Joseph Raymond Hruska, age 49, died July 4th in his home on Bainbridge Island after fending off cancer for several years. Joe was a pioneer in every sense of the word – born in Tonasket, Washington, and raised in Wyoming and Alaska, Joe founded two successful companies on his quest to rethink how we interact with computers in our business and daily lives.
Growing up in Fairbanks, Alaska, Joe learned all the expected skills for the outdoors, but he found a passion for computers during the long Alaskan winters. Joe quickly showed the ability to not just “problem solve” but to build durable solutions that prevented problems from arising.
Outside of software, Joe had a passion for the possible – and his version of possible often outstripped the rest of us. Joe worked on pioneering concepts in virtual world building and VR, but always with an eye for what could be done better, so that today’s impossible was tomorrow’s normal.
Joe’s success in both life and business is embodied in his commitment to be actively engaged with the world around him. Although technology was his passion and his muse, Joe was the embodiment of “there for you.” With his dry sense of humor and eye for the absurd, Joe was the best kind of friend – up for anything, but you knew if it got too deep, he would stand with you, shoulder to shoulder. His resolute dependability and willingness to pitch in on any activity no matter how difficult was his defining characteristic. Even when cancer was wracking his body, Joe continued to work on projects – building levels for games, helping to produce music, and troubleshooting business and software for other startups in the Y-combinator family.
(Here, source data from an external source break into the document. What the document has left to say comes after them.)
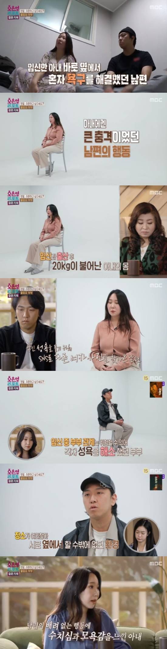 아내는 제작진과의 인터뷰에서 "저한테는 충격이었다. 항상 뭘 보면서 욕구를 풀었고, 최근까지도 뭘 보다가 갑자기 부부관계가 하고 싶어지면 저한테 관계를 갖자고 했다"고 전했다.
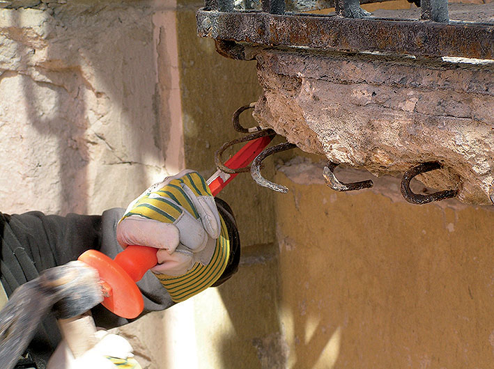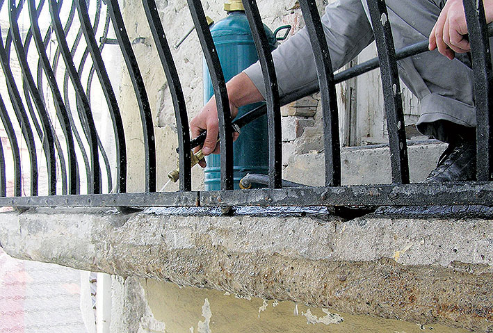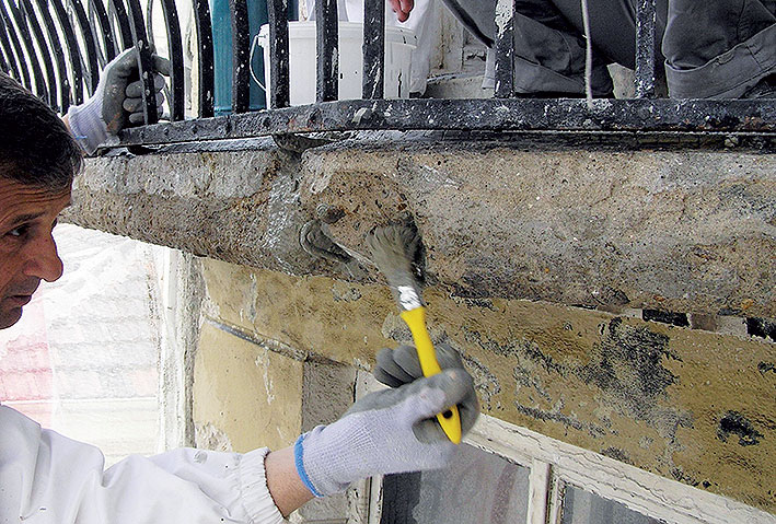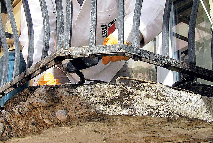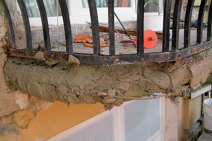 Odlupujúce a nesúdržné časti povrchu balkónovej dosky treba odstrániť pomocou dláta, kladiva alebo sekacieho kladiva až na zdravý betón.
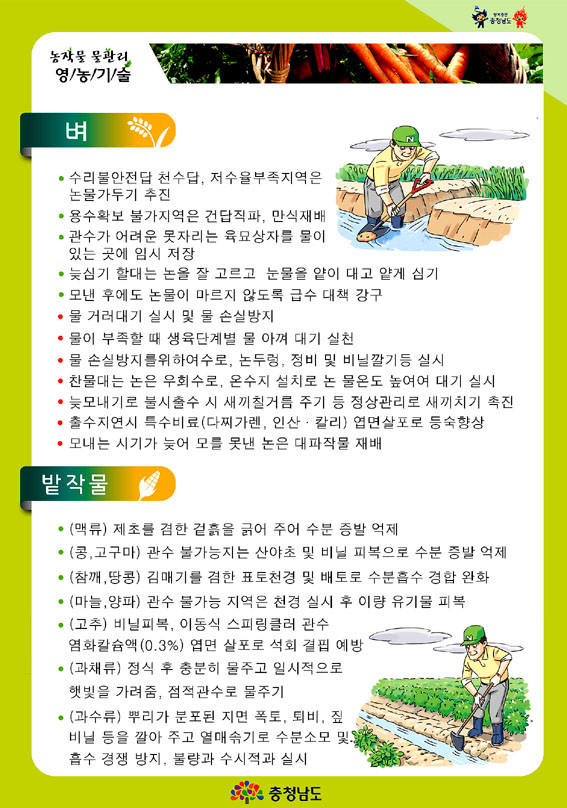 Ãæ³²µµ°¡ Æò³âº¸´Ù ³·Àº Àú¼öÀ²°ú °¿ì·®À¸·Î º½Ã¶ ³ó¾÷¿ë¼ö ºÎÁ·ÀÌ ¿¹»óµÊ¿¡ µû¶ó ³óÀÛ¹° ÇÇÇØ¸¦ ÃÖ¼ÒÈÇϱâ À§ÇÑ ¼±Á¦Àû ´ëÀÀ¿¡ ³ª¼±´Ù.

Joe influenced the lives of countless individuals throughout his too-short time on earth. His friends and family, who will miss his infectious laugh and unparalleled wit, include: His wife, Seana; Parents, Joe and Lillian Hruska; and siblings, Matthew D. Hruska, Sarah Hruska, Kristin Hruska, Rebecca Hruska-Jarvis, and Bethany Latimer.
Joe had a lifelong love of space, science fiction, and astronomy. He often discussed sending his ashes into space and how cool that would be. So his family sends up his ashes to honor both his inner scientist and his geekdom.